So Deon quit her job, started volunteering and traveled the world. She eventually met her husband in England and, after the couple moved to Los Angeles, enrolled in an MFA writing program at UC Riverside.

In 2010, she experienced the lively community at the prestigious Bread Loaf Writers' Conference (she'd only applied because a friend told her she'd never get in). She returned home seeking to forge the same sense of writerly camaraderie in L.A.

The result is Dirty Laundry Lit, a nonprofit reading series that feels more like a raucous, all-inclusive party: The writers drink, curse and then hit the dance floor after the show. At a recent Valentine's Day–themed reading, the Virgil in East Hollywood was wall-to-wall with people eager to spend their Saturday night hearing the work of seven mostly unknown L.A. writers.

“I want to celebrate everybody who walks on that stage. I want it to be a party in their honor. I'm going to get so many people there, for literature, and it's going to be the shit,” Deon, 34, says, the giddiness in her voice reminiscent of her hustling days as a radio promoter.

The mother of two (a 6- and 7-year-old, born 364 days apart), Deon works as a criminal defense attorney specializing in post-conviction cases where defendants have been given second chances to appeal.

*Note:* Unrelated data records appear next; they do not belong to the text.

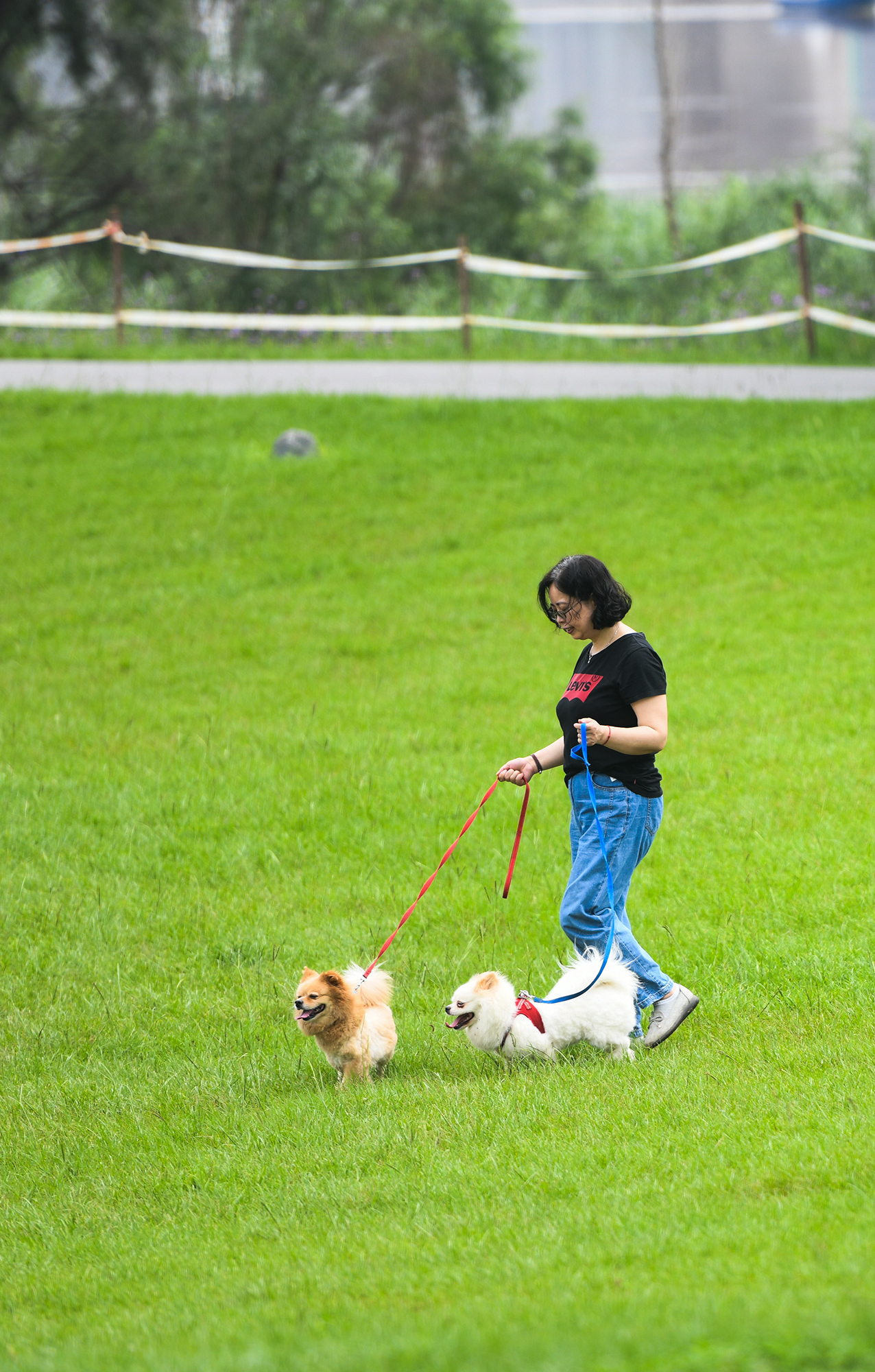 湘江风光带,市民牵着狗狗散步。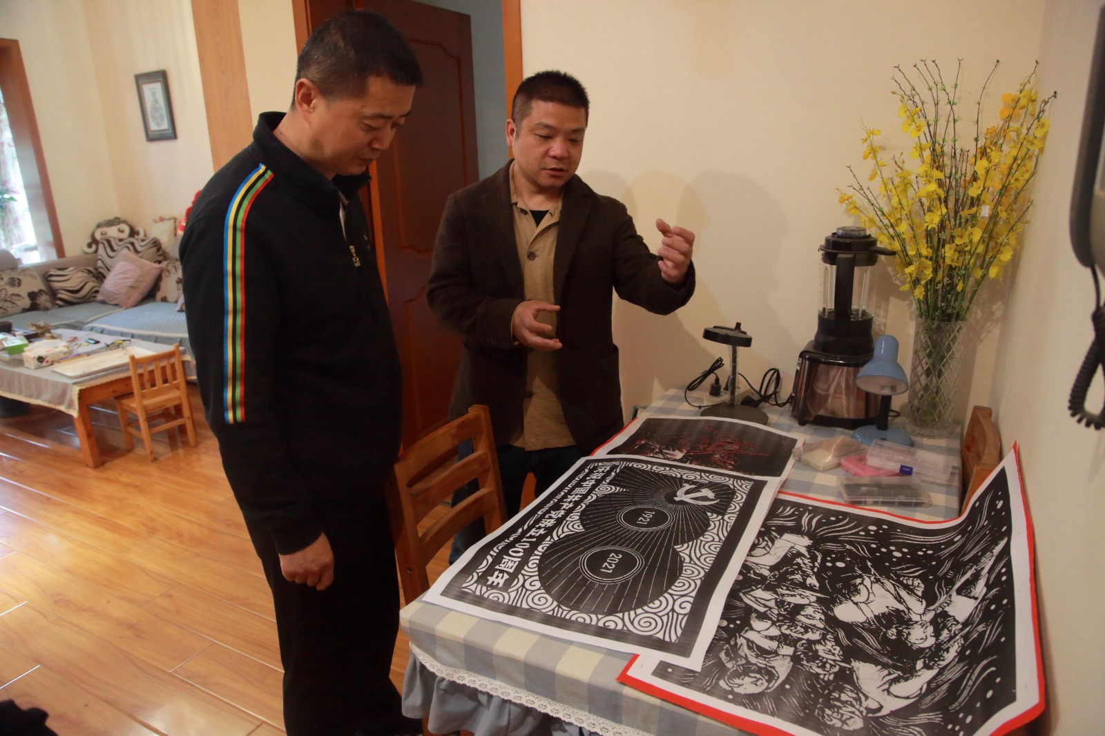 近日,红桃视频 党委副书记、工会主席杨超龙前往庄丛灿的创作室,视察指导庆祝建党100周年剪纸作品展筹备工作,并将组织关怀带给辛勤创作中的庄丛灿。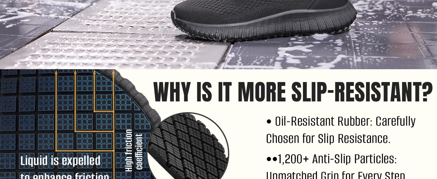 SLIP-RESISTANT OUTSOLE: Designed for professional work environments, these non slip work shoes for men feature a high-traction outsole with a non slip tread pattern. The newly upgraded slip-resistant outsole enhances durability and delivers stronger grip than previous designs, providing stable, non-slip performance on wet, oily, and other slippery surfaces commonly found in demanding workplaces. They meets the requirements of high-intensity slip resistance for work use.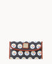 One outside zip pocket. One inside pocket. License pocket with window. Two bill compartments. Seven credit card slots. Lined. Feet. Snap closure.

It's not uncommon for her day job as an attorney and full-time job as a mother of two — one of whom is disabled — to inspire the complex characters and painfully uncomfortable situations in her stories and essays.

Despite juggling a handful of jobs, Deon's biggest project is still to come: Her debut novel, which took six years to write, was sold to an agent in January. Set in the pre–Civil War South, the novel's cast of characters includes a Jewish prostitute, a runaway slave and the slave's daughter, who appears to be white.

Now in the final stages of editing and shopping for a publisher, the attorney-turned-writer and literary promoter might finally have her life all figured out.